What you need to do –
Before you return the entries below, strip out the pictures and keep all else exact.

Dataset entries –

====================

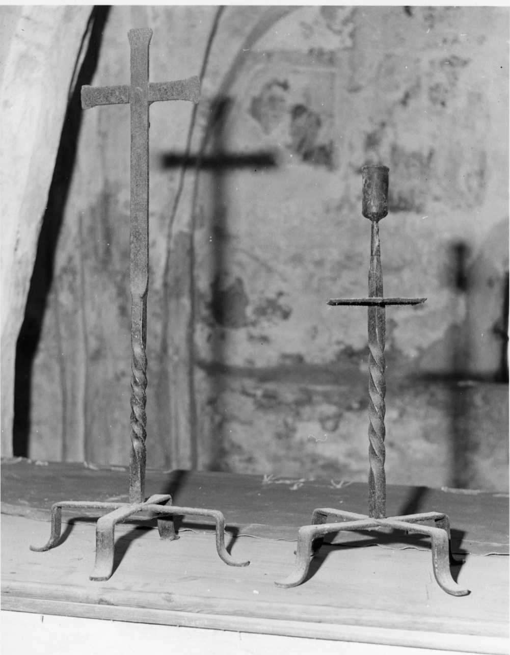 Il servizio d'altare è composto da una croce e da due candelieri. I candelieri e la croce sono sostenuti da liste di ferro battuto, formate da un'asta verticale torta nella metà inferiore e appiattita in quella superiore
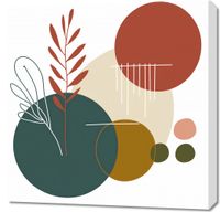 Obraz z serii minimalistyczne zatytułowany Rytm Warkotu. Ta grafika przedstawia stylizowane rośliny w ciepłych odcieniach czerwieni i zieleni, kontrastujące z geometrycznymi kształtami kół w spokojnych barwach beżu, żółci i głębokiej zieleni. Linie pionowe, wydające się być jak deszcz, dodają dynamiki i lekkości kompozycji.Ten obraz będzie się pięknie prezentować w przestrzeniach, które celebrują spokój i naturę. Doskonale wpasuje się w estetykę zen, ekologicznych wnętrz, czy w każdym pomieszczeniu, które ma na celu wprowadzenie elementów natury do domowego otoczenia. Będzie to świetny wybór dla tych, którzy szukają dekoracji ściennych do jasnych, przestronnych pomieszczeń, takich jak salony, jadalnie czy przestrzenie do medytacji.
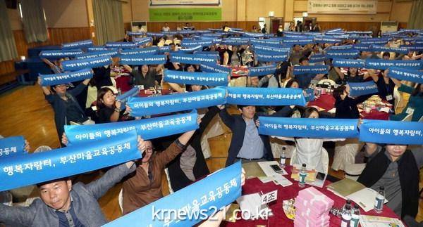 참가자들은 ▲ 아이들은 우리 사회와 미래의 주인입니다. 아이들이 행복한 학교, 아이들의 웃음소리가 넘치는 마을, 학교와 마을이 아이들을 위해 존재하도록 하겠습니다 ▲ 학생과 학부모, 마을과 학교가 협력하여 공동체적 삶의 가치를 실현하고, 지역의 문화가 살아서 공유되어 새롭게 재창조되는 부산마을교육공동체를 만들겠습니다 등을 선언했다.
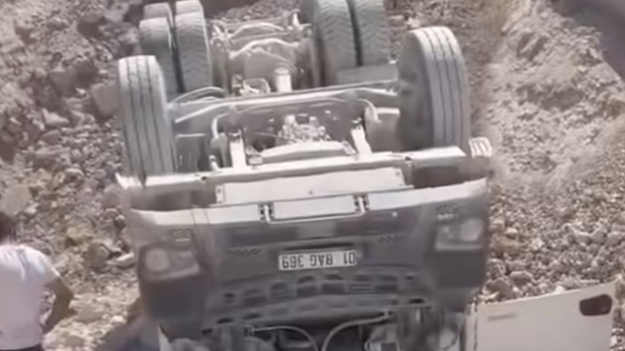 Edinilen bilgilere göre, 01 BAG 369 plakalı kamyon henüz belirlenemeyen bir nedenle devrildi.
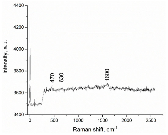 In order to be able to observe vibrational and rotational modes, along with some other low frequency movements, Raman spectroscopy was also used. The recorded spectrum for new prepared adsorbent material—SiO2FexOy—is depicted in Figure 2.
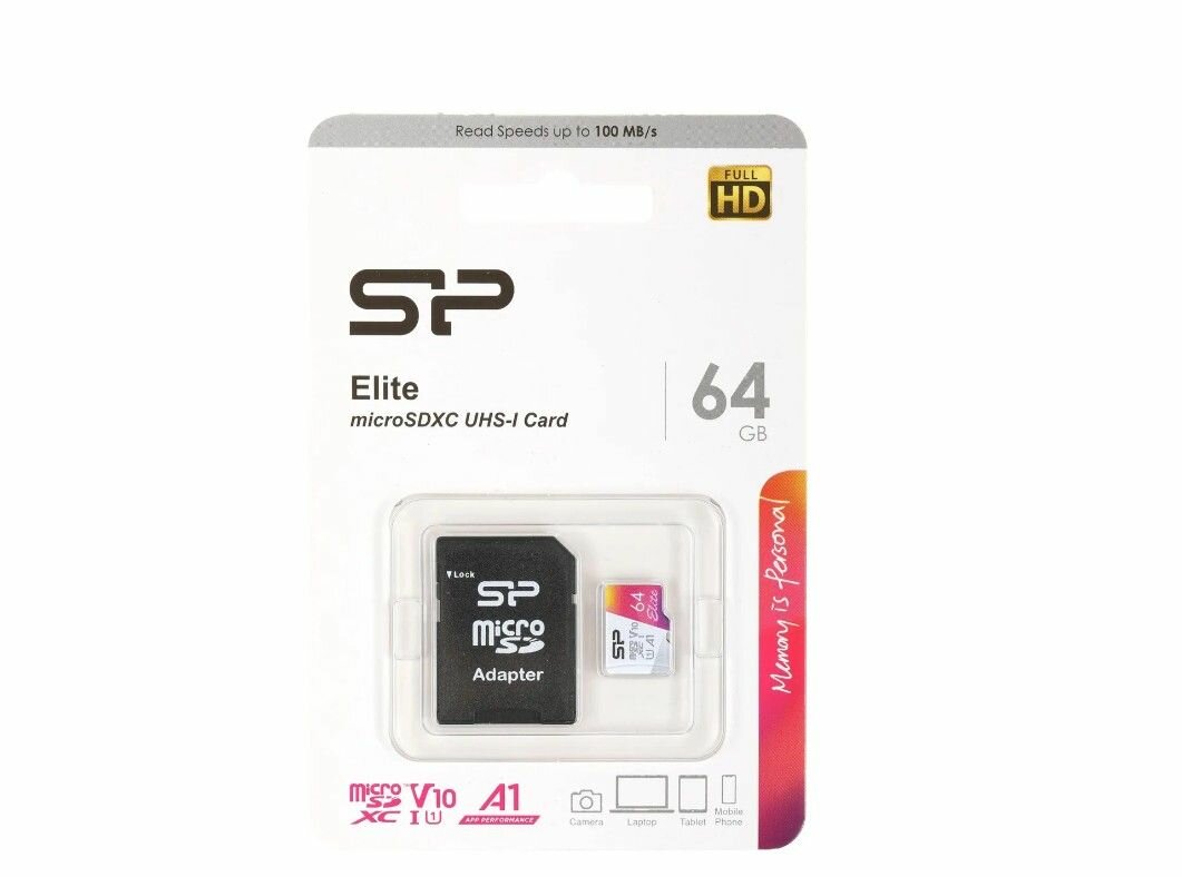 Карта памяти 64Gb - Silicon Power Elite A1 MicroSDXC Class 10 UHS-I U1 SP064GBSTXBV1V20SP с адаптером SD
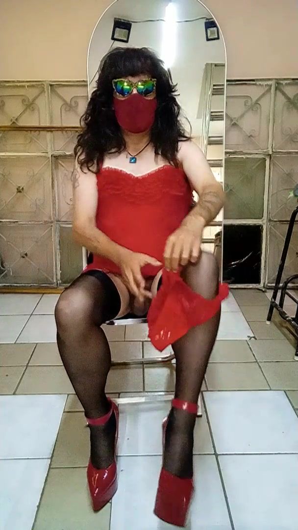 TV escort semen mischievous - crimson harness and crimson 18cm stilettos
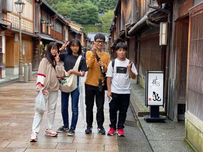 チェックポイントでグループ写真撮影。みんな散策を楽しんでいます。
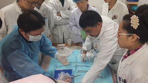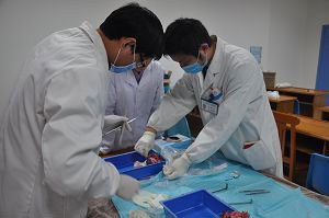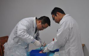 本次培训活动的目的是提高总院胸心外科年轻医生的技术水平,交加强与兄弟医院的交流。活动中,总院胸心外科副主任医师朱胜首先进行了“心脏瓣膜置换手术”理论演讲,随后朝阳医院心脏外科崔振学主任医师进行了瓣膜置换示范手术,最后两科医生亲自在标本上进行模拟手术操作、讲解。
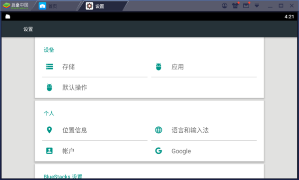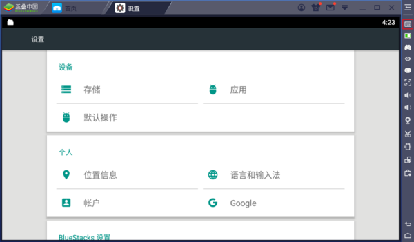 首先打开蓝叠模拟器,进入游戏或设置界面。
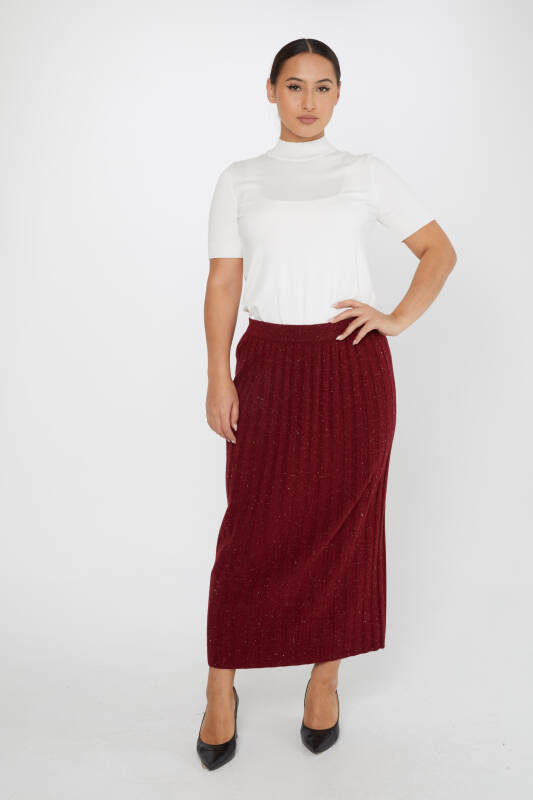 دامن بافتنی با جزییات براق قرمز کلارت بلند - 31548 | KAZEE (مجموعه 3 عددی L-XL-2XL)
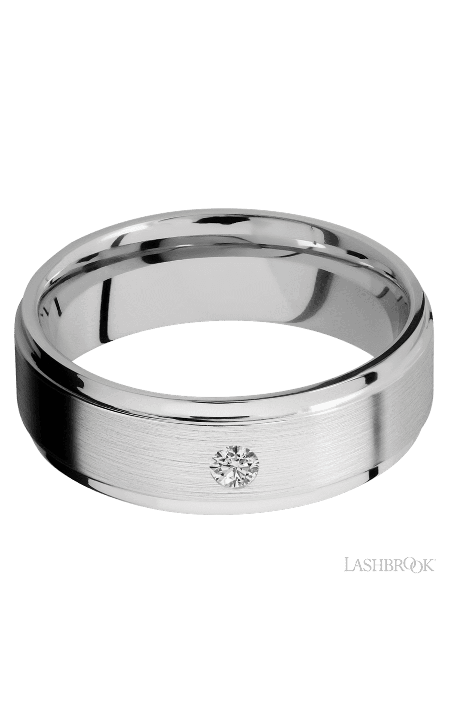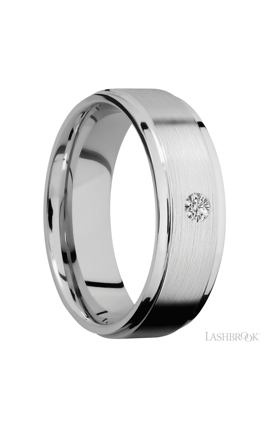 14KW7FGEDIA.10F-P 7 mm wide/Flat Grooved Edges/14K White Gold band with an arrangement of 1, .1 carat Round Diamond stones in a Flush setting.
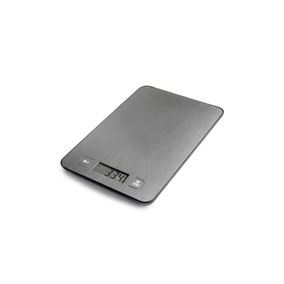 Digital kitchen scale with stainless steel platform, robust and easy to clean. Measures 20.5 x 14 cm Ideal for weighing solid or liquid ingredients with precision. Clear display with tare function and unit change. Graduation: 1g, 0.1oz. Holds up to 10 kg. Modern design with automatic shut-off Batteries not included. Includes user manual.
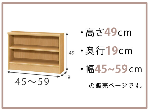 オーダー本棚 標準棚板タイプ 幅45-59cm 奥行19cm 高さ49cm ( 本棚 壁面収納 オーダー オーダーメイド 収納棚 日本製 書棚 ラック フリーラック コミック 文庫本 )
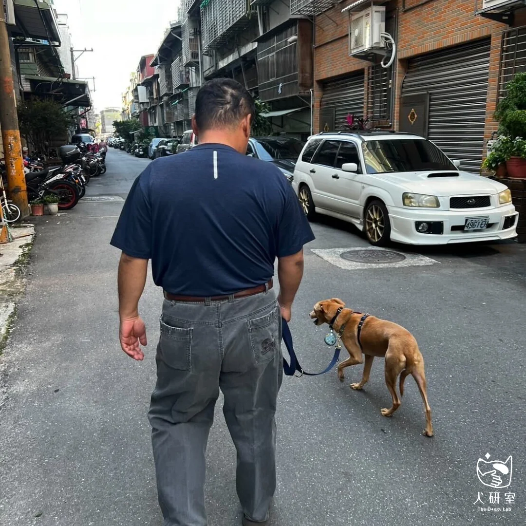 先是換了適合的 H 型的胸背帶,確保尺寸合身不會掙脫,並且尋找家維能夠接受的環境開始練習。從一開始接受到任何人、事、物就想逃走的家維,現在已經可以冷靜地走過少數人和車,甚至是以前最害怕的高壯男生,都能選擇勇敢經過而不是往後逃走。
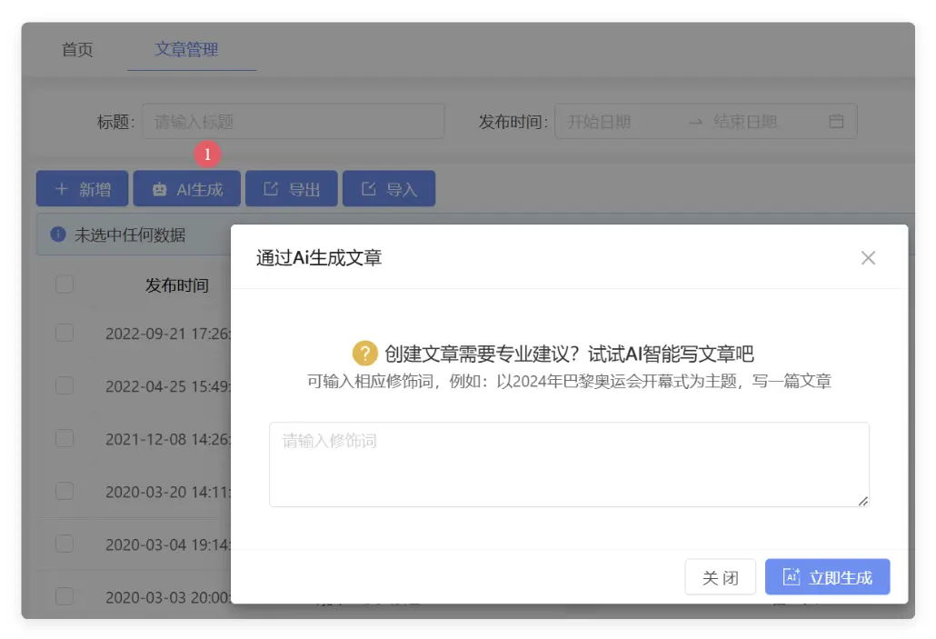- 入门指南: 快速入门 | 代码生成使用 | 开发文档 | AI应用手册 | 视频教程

====================

Finished task –
 Il servizio d'altare è composto da una croce e da due candelieri. I candelieri e la croce sono sostenuti da liste di ferro battuto, formate da un'asta verticale torta nella metà inferiore e appiattita in quella superiore
 Obraz z serii minimalistyczne zatytułowany Rytm Warkotu. Ta grafika przedstawia stylizowane rośliny w ciepłych odcieniach czerwieni i zieleni, kontrastujące z geometrycznymi kształtami kół w spokojnych barwach beżu, żółci i głębokiej zieleni. Linie pionowe, wydające się być jak deszcz, dodają dynamiki i lekkości kompozycji.Ten obraz będzie się pięknie prezentować w przestrzeniach, które celebrują spokój i naturę. Doskonale wpasuje się w estetykę zen, ekologicznych wnętrz, czy w każdym pomieszczeniu, które ma na celu wprowadzenie elementów natury do domowego otoczenia. Będzie to świetny wybór dla tych, którzy szukają dekoracji ściennych do jasnych, przestronnych pomieszczeń, takich jak salony, jadalnie czy przestrzenie do medytacji.
 참가자들은 ▲ 아이들은 우리 사회와 미래의 주인입니다. 아이들이 행복한 학교, 아이들의 웃음소리가 넘치는 마을, 학교와 마을이 아이들을 위해 존재하도록 하겠습니다 ▲ 학생과 학부모, 마을과 학교가 협력하여 공동체적 삶의 가치를 실현하고, 지역의 문화가 살아서 공유되어 새롭게 재창조되는 부산마을교육공동체를 만들겠습니다 등을 선언했다.
 Edinilen bilgilere göre, 01 BAG 369 plakalı kamyon henüz belirlenemeyen bir nedenle devrildi.
 In order to be able to observe vibrational and rotational modes, along with some other low frequency movements, Raman spectroscopy was also used. The recorded spectrum for new prepared adsorbent material—SiO2FexOy—is depicted in Figure 2.
 Карта памяти 64Gb - Silicon Power Elite A1 MicroSDXC Class 10 UHS-I U1 SP064GBSTXBV1V20SP с адаптером SD
 TV escort semen mischievous - crimson harness and crimson 18cm stilettos
 チェックポイントでグループ写真撮影。みんな散策を楽しんでいます。
 本次培训活动的目的是提高总院胸心外科年轻医生的技术水平,交加强与兄弟医院的交流。活动中,总院胸心外科副主任医师朱胜首先进行了“心脏瓣膜置换手术”理论演讲,随后朝阳医院心脏外科崔振学主任医师进行了瓣膜置换示范手术,最后两科医生亲自在标本上进行模拟手术操作、讲解。
 首先打开蓝叠模拟器,进入游戏或设置界面。
 دامن بافتنی با جزییات براق قرمز کلارت بلند - 31548 | KAZEE (مجموعه 3 عددی L-XL-2XL)
 14KW7FGEDIA.10F-P 7 mm wide/Flat Grooved Edges/14K White Gold band with an arrangement of 1, .1 carat Round Diamond stones in a Flush setting.
 Digital kitchen scale with stainless steel platform, robust and easy to clean. Measures 20.5 x 14 cm Ideal for weighing solid or liquid ingredients with precision. Clear display with tare function and unit change. Graduation: 1g, 0.1oz. Holds up to 10 kg. Modern design with automatic shut-off Batteries not included. Includes user manual.
 オーダー本棚 標準棚板タイプ 幅45-59cm 奥行19cm 高さ49cm ( 本棚 壁面収納 オーダー オーダーメイド 収納棚 日本製 書棚 ラック フリーラック コミック 文庫本 )
 先是換了適合的 H 型的胸背帶,確保尺寸合身不會掙脫,並且尋找家維能夠接受的環境開始練習。從一開始接受到任何人、事、物就想逃走的家維,現在已經可以冷靜地走過少數人和車,甚至是以前最害怕的高壯男生,都能選擇勇敢經過而不是往後逃走。
- 入门指南: 快速入门 | 代码生成使用 | 开发文档 | AI应用手册 | 视频教程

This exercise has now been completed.